Bridging theorems — when two methods target the same estimand¶
Six 2025-2026 results proving that pairs of superficially different estimators identify the same causal quantity under distinct assumptions. Running both and comparing is how you turn assumption uncertainty into data-visible diagnostics.
A bridging theorem takes two popular causal-inference methods and shows that — when their identifying assumptions hold — they target the same estimand. Empirically they should give numerically close point estimates. Disagreement is then a signal that at least one of the two assumptions fails in your data.
This is the spiritual descendant of the classic "OLS = IV under no endogeneity" sanity check, but lifted to the 2020s frontier of DiD, synthetic controls, welfare maximisation, covariate balancing, and proximal/surrogate long-term effects.
sp.bridge(kind=..., **kwargs) is the unified dispatcher. It runs both
paths, computes an agreement test on the difference, and returns a
doubly-robust combined estimate — plus a warning if the two paths
disagree beyond sampling error.
The six bridges¶
kind |
Theorem | Reference |
|---|---|---|
did_sc |
DiD ≡ Synthetic Control | Sun, Xie & Zhang, arXiv:2503.11375 (2025) |
ewm_cate |
EWM ≡ CATE-max policy | Kato, arXiv:2510.26723 (2025) |
cb_ipw |
Covariate Balancing ≡ IPW ≡ DR | Słoczyński, Uysal & Wooldridge, arXiv:2310.18563 (2023) |
kink_rdd |
Bunching ≡ Kink RDD first-order expansion | Lu, Wang, Xie, arXiv:2404.09117 (2025) |
dr_calib |
Doubly-robust ≡ outcome + Riesz joint calibration | van der Laan, Luedtke & Carone, arXiv:2411.02771 (2024) |
surrogate_pci |
Long-term Surrogate Index ≡ PCI | Imbens, Kallus, Mao & Wang, JRSS-B 87(2) 2025; arXiv:2202.07234 |
Each bridge is importable at top level as sp.bridge(kind="..." ...) or
via the per-module function in statspai.bridge.*.

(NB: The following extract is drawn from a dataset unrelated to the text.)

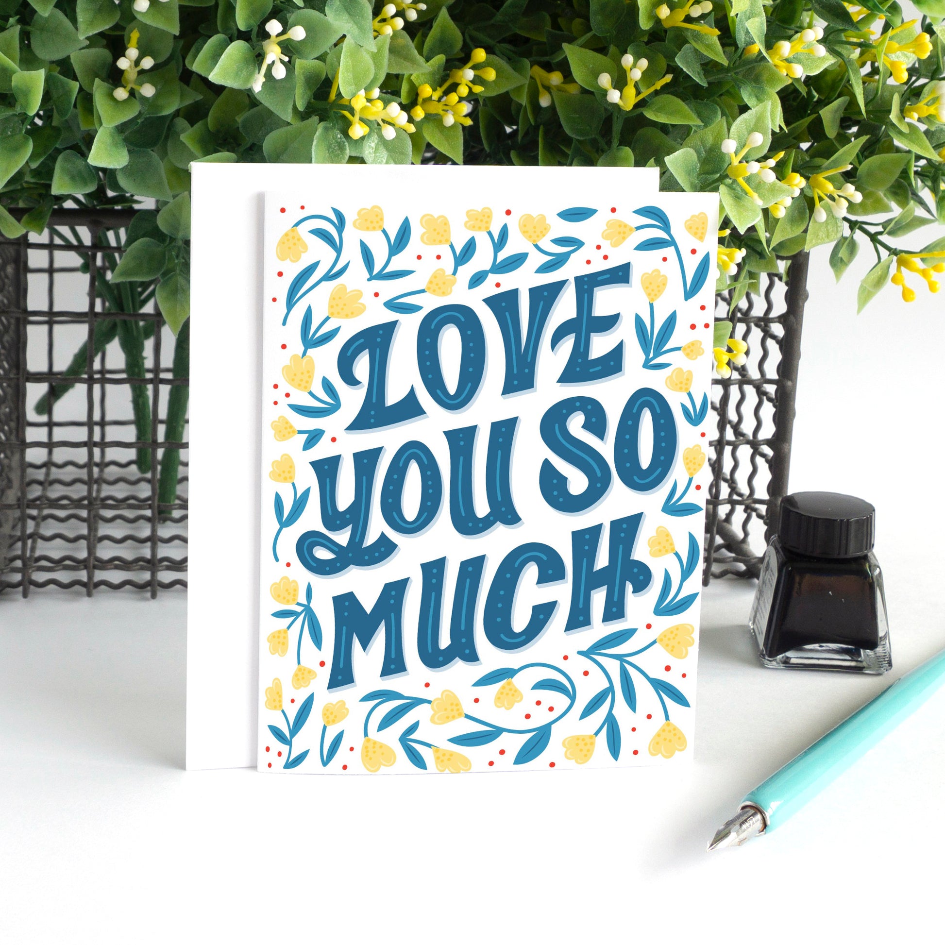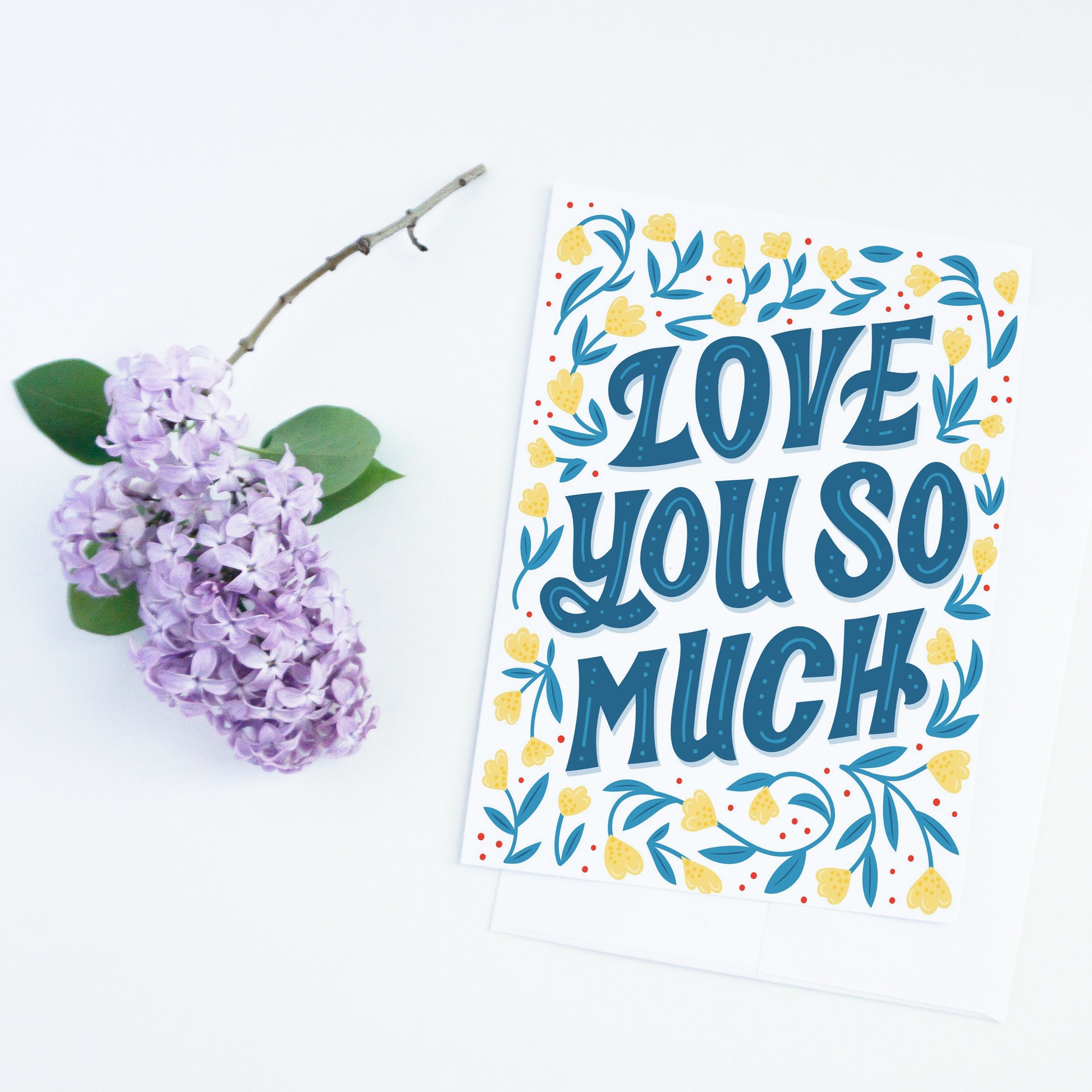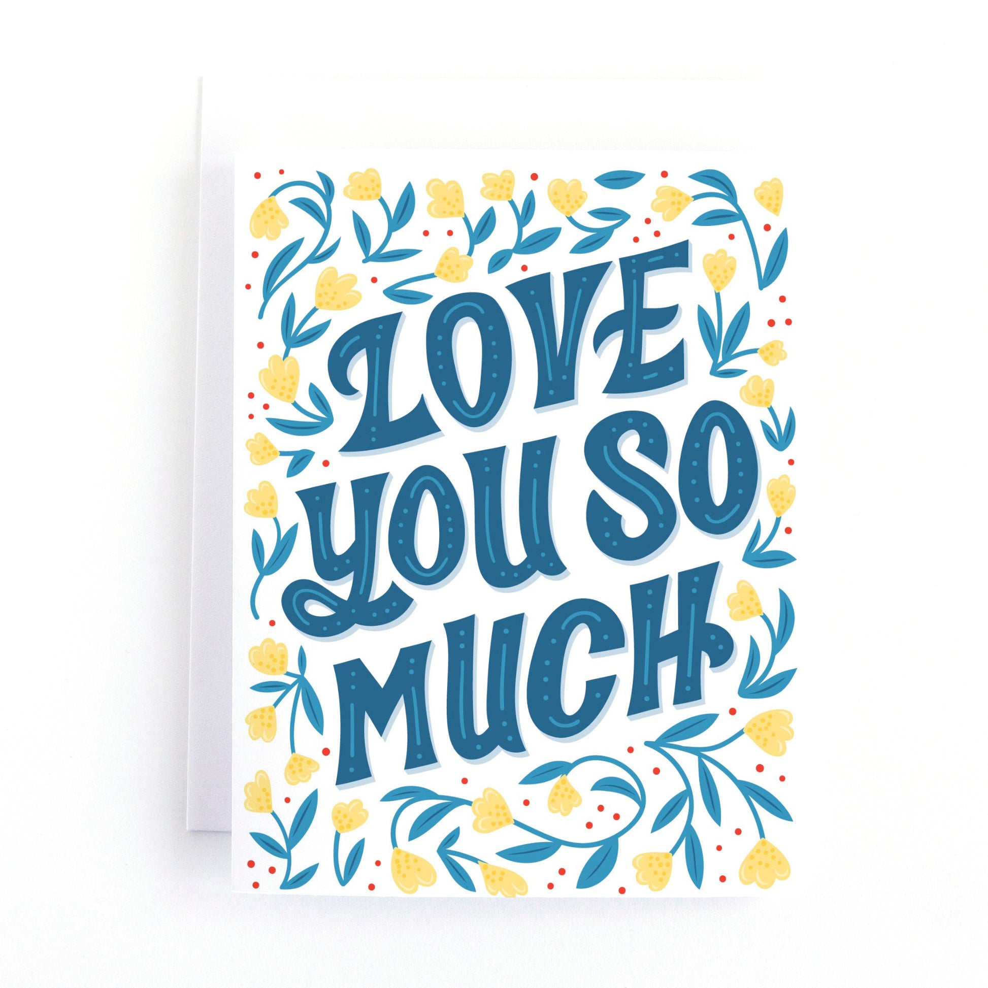 Celebrate your love with our charming Love You So Much Card! Vintage lettering surrounded by simple florals creates a delightful expression of affection, perfect for Valentine's Day or anniversaries. Show your appreciation to your special someone with this heartwarming card that captures the joy of being a couple. Whether it's a special occasion or just because, make every moment together a celebration of love. Let this card add a touch of sweetness to your romantic gestures!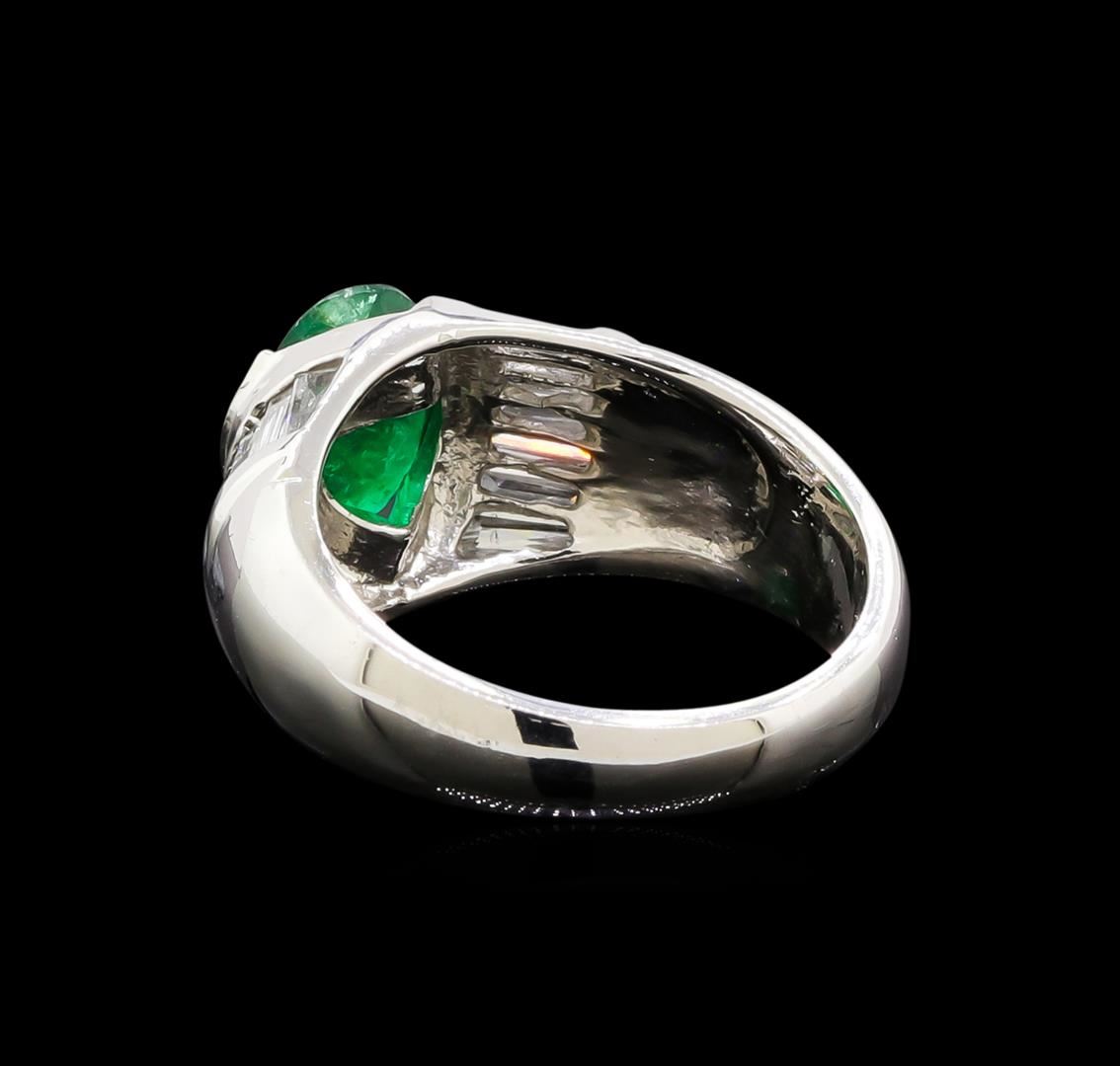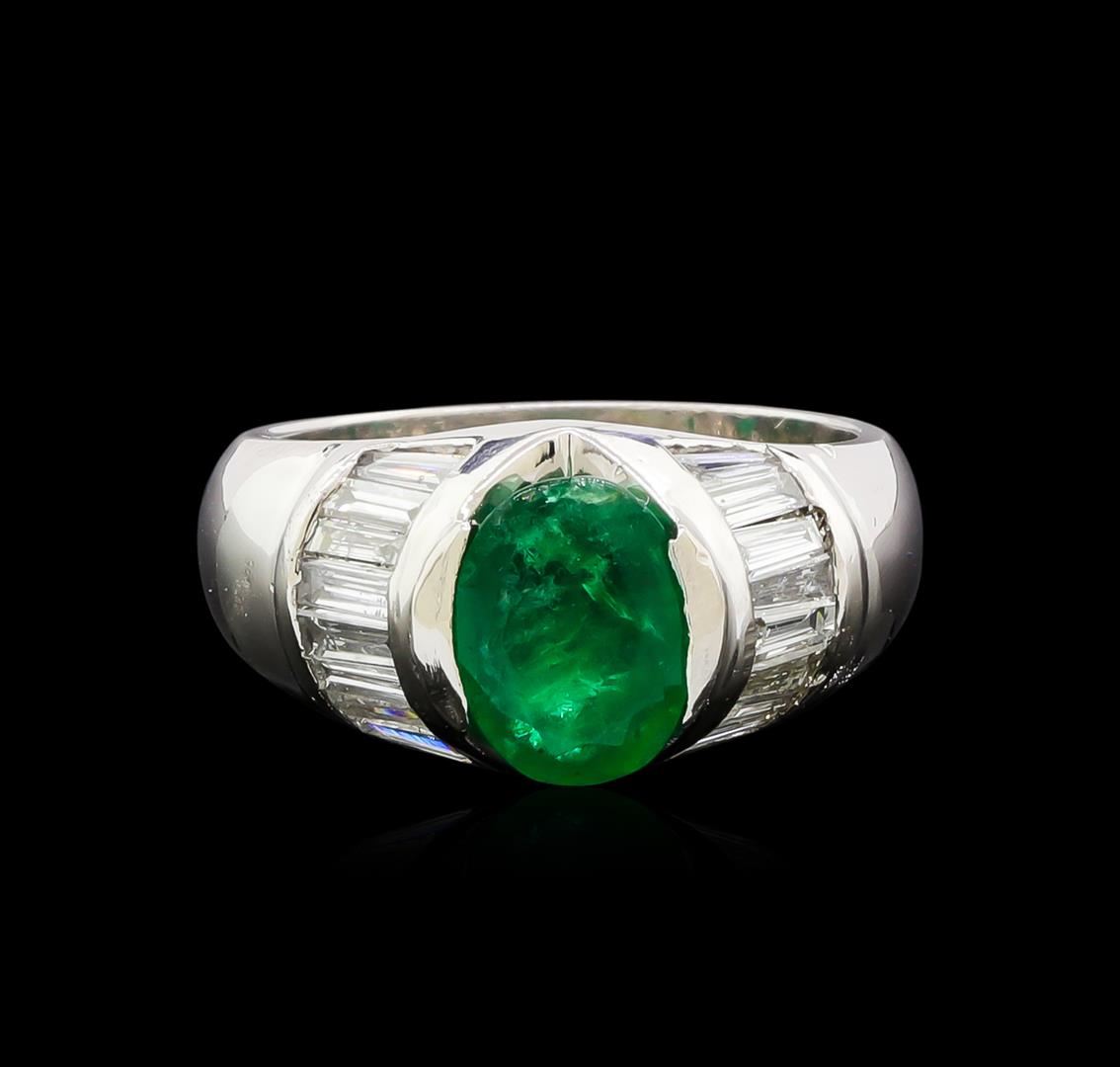 One ring featuring: Platinum weighing 11.59 grams containing one emerald with a total weight of 1.35ct and side diamonds with a total weight of 0.70ct.

How to read a BridgeResult¶
>>> r = sp.bridge(kind="cb_ipw", data=df, y="y", treat="d",
... covariates=["x1", "x2", "x3"])
>>> r.summary()
The key fields:
estimate_a,estimate_b— the two path point estimates.se_a,se_b— their standard errors.diff,diff_se,diff_p— difference and formal testH0: estimate_a - estimate_b = 0.estimate_dr,se_dr— precision-weighted combination, the recommended final number when the agreement test does not reject.path_a_name/path_b_name— human-readable method names.reference— the citation for this bridge.
Rule of thumb: if diff_p > 0.10, trust the DR estimate. If
diff_p < 0.05, at least one identifying assumption is violated —
inspect the detail dict (r.detail) for method-specific diagnostics
before trusting either path.
1. DiD ≡ Synthetic Control — Shi-Athey (2025)¶
The result: whenever (a) the classical DiD parallel-trends assumption or (b) unit-level synthetic-control weights identify the ATT, then both methods recover the same quantity. The intuition is that the DiD-weighted counterfactual is one specific convex combination of control units (equal weights), and SC is another; any convex combination is admissible.
r = sp.bridge(
kind="did_sc", data=df,
y="gdp", unit="state", time="year",
treated_unit="CA", treatment_time=1989,
)
print(f"DiD path : {r.estimate_a:.3f} ± {r.se_a:.3f}")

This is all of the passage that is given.